** Directions for this task **
Copy the material below verbatim from the line with "恐怖悬疑片有一个至极凸起的特" to the line with "爱慕美体简塑内衣女3/4软钢圈无纺布大胸显小蕾丝文胸", both lines included, omitting pictures and every line outside that range.

** Given information **
★ ★ ★ ★ ★

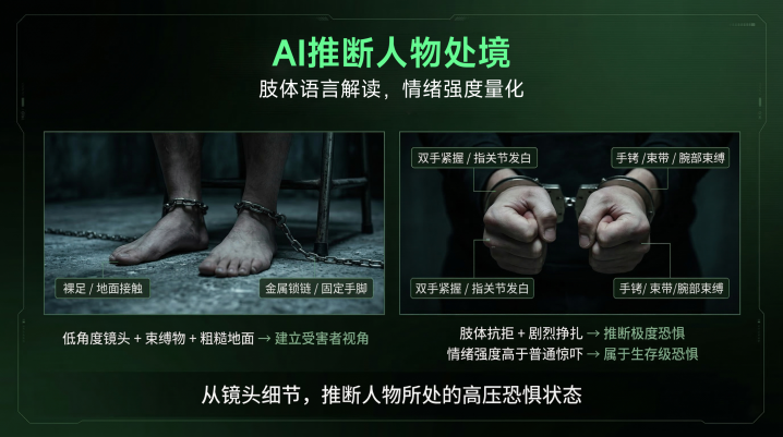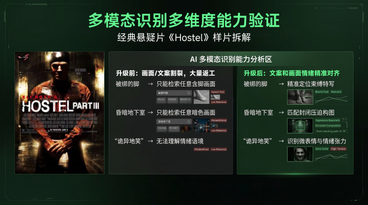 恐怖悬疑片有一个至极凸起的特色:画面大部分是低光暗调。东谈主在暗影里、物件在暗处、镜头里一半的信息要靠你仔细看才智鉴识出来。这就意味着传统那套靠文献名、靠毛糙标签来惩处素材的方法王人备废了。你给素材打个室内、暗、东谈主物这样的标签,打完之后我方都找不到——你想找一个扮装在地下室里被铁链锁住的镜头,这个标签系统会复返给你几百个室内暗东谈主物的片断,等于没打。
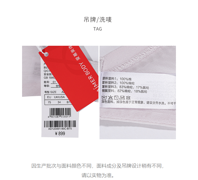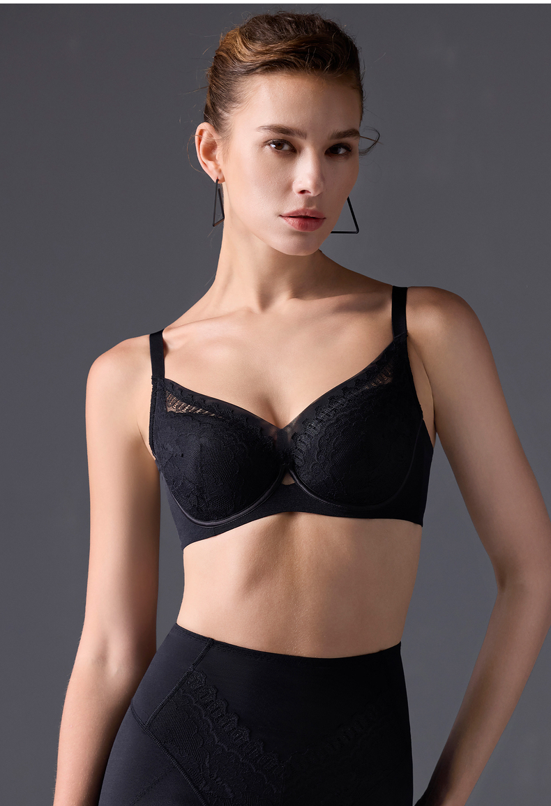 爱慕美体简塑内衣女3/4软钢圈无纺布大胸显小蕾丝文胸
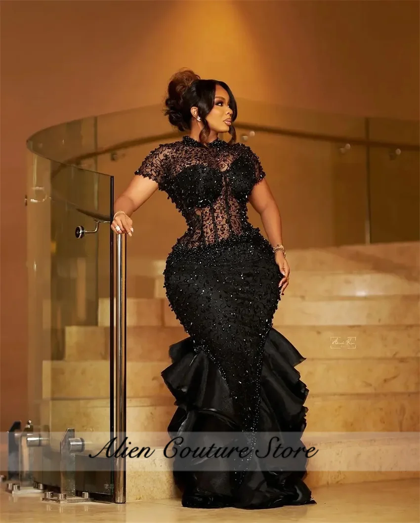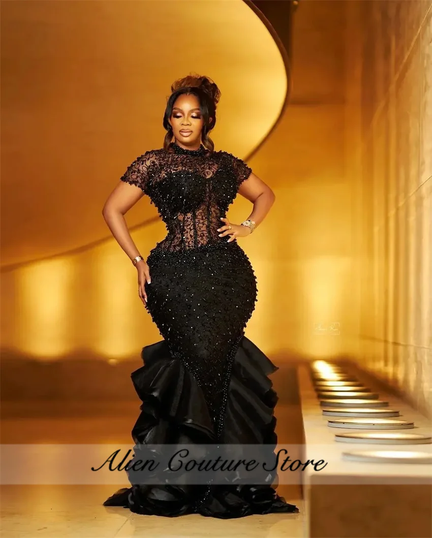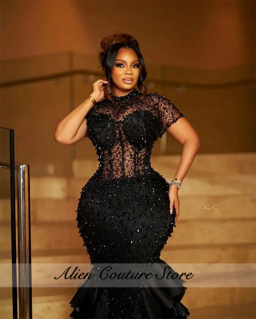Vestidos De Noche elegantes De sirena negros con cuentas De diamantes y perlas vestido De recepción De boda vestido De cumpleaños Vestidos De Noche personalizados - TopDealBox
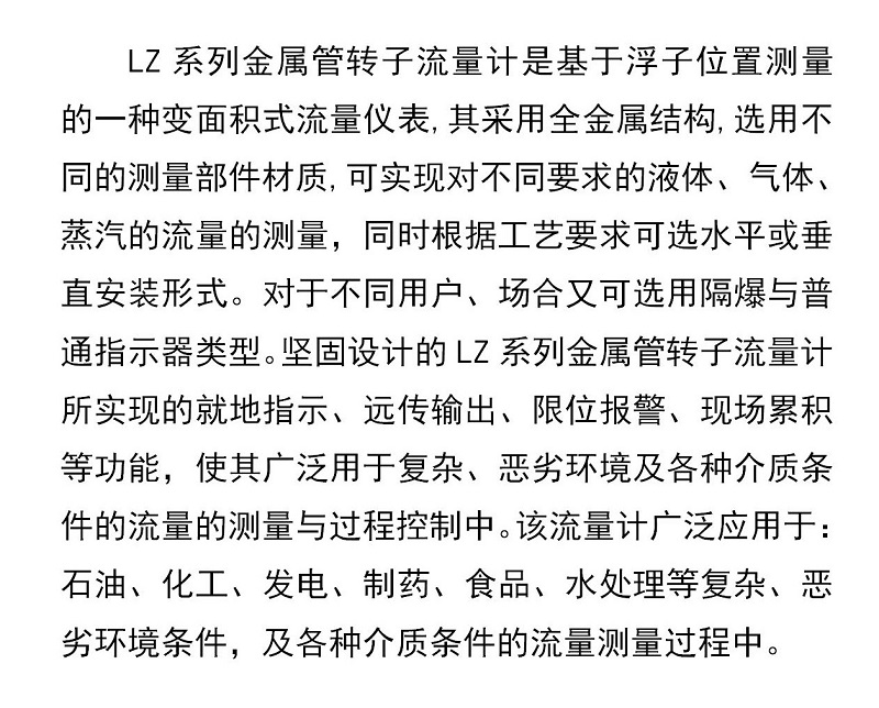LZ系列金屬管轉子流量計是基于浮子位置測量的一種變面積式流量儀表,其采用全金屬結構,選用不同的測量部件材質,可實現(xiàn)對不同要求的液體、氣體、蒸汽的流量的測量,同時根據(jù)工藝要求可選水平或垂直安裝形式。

★ ★ ★ ★ ★

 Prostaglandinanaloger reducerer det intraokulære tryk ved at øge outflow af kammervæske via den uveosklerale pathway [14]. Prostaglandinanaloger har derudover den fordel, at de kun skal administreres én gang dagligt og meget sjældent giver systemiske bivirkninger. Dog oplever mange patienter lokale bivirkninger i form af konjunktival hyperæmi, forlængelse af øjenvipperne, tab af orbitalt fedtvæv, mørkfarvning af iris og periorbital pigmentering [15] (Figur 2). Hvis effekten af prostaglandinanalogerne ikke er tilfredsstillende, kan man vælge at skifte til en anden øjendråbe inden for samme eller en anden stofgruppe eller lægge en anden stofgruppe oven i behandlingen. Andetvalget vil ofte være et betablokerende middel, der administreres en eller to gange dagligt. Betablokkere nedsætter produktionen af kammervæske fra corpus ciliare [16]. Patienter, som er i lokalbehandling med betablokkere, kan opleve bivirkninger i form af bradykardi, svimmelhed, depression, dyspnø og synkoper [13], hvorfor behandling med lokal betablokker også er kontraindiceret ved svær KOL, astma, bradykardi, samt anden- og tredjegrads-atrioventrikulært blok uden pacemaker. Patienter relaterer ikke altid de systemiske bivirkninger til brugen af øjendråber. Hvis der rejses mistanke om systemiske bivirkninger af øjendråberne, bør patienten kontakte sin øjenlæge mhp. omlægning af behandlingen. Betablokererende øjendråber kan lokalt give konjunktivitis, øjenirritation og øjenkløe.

★ ★ ★ ★ ★

** Answer for this exercise **
 恐怖悬疑片有一个至极凸起的特色:画面大部分是低光暗调。东谈主在暗影里、物件在暗处、镜头里一半的信息要靠你仔细看才智鉴识出来。这就意味着传统那套靠文献名、靠毛糙标签来惩处素材的方法王人备废了。你给素材打个室内、暗、东谈主物这样的标签,打完之后我方都找不到——你想找一个扮装在地下室里被铁链锁住的镜头,这个标签系统会复返给你几百个室内暗东谈主物的片断,等于没打。
 爱慕美体简塑内衣女3/4软钢圈无纺布大胸显小蕾丝文胸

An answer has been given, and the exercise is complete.